Тем временем его клиенты, не подверженные рефлексии и культурологическим страданиям по ушедшей традиции, похоже, изобрели свою собственную традицию: они то и дело подкладывают мобильник под голову умершего. «Гроб в печку едет, а они звонят — последний звонок». Эта народная самодеятельность не устраивает Якушина. Не только потому, что противоречит правилам безопасности и портит печь, но и потому, что является, по его мнению, кощунством. «Там микровзрыв происходит. Люди не понимают, что они уничтожают телесную оболочку. Церемониймейстер отвернется, а они подсовывают под ухо. Зачем же зверство такое с любимой мамой делать!» Заметим, гроб через пять минут сгорит в печи. То есть телесная оболочка все равно будет уничтожена. Но Якушин видит разницу: говорит, горение — это тлен, точно такой же, как в могиле, только очень быстрый. А взрыв — это кощунство.

«Кощунство» — важное слово. Основатель совершенно точно уловил потребность современного человека, изможденного советским похоронным сервисом: чтобы ему показали, куда идти и что говорить, и чтобы к нему относились с уважением, а к его мертвому родственнику — без кощунства. Чтобы не кощунствовать, нужна траурная одежда, скорбная музыка и возвышенные слова. Чтобы родственники чувствовали внимание и уважение, нужно каждому устраивать индивидуальные похороны, без малейшего намека на «конвейер»; нельзя полностью снимать с них заботы о похоронах — Якушин обязывает сотрудников крематория уточнять детали заказа вплоть до требуемого выражения лица покойного. Посетителей в крематории и в городском офисе встречают не равнодушные бюрократы и не мужики в майках-алкоголичках и шлепанцах, а аккуратные женщины в траурной одежде или молодые церемониймейстеры в униформе. В зависимости от расписания работы церемониймейстеров заказчику попадается или красивая женщина в шляпе с вуалью, или мефистофельского вида молодой человек с бородкой, серьгой в ухе и горящими глазами. Сергей Борисович учит их относиться к похоронам с уважением, но на себя чужого горя не брать. И то и другое получается не всегда: речи часто звучат фальшиво, а сами ребята после церемоний то и дело выходят заплаканные. «Я им говорю: увижу слезы — уволю!» — говорит Якушин. Но потом смягчается. Похоронщики, мол, тоже люди.
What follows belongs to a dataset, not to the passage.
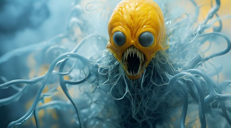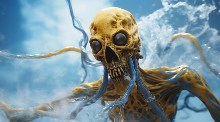 O resultado dessa mistura: O Midjourney provavelmente criará um alienígena que parece ter evoluído nas profundezas do oceano, talvez com características de crustáceos, texturas de cracas ou ossos expostos, tudo envolto naquela fumaça amarela tóxica.
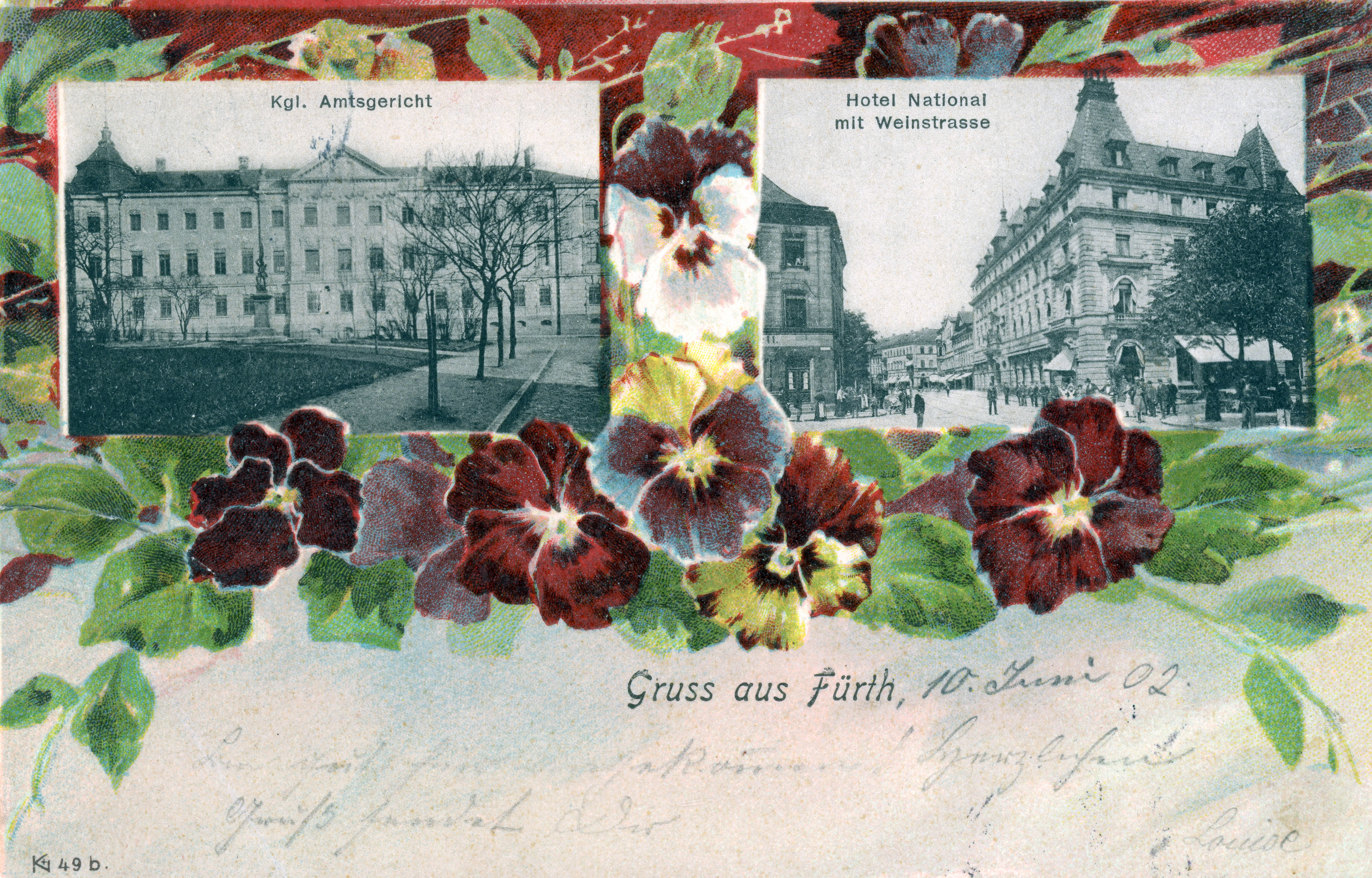 | Dateiinfo (Bild-Unterschrift und Info-Box, automatisch erstellt) | Ansichtskarte mit zwei Motiven - verziert mit Blumen, gel. Jul 1902 Urheber: unbekannt<br>Erstellungsdatum: 10. Juli 1902<br>Lizenz: cc-by-sa-4.0 | ||

Правда, люди особые. «Он мне улыбнулся прямо из гроба!» — услышал Якушин на одних похоронах. И был собой очень доволен, ведь это он сам и сформировал улыбку на мертвом лице. Тут пора признаться, что конфетами и голубями деятельность Сергея Борисовича и его сотрудников не ограничивается. Есть в его работе сторона гораздо более важная, хотя на первый взгляд и незаметная: приводить покойников в приличный вид. И для этого танатопрактикам — специалистам по бальзамированию и посмертному макияжу — нужно сильно постараться. Мертвое тело не должно вызывать ужаса у родственников. Оно должно выражать спокойствие, безмятежность или даже радость (по специальному заказу), главное — не боль и не страх. Кроме того, тело должно быть безопасным с точки зрения санитарии. Любовь к профессии, если не сказать страсть, дала Якушину и его команде большую фору перед обычными сотрудниками моргов. Новосибирцы сначала сами научились этому в Англии и Германии, а потом открыли собственные курсы и у себя в городе, и в Москве. Этому актуальному занятию в России больше никто не учит.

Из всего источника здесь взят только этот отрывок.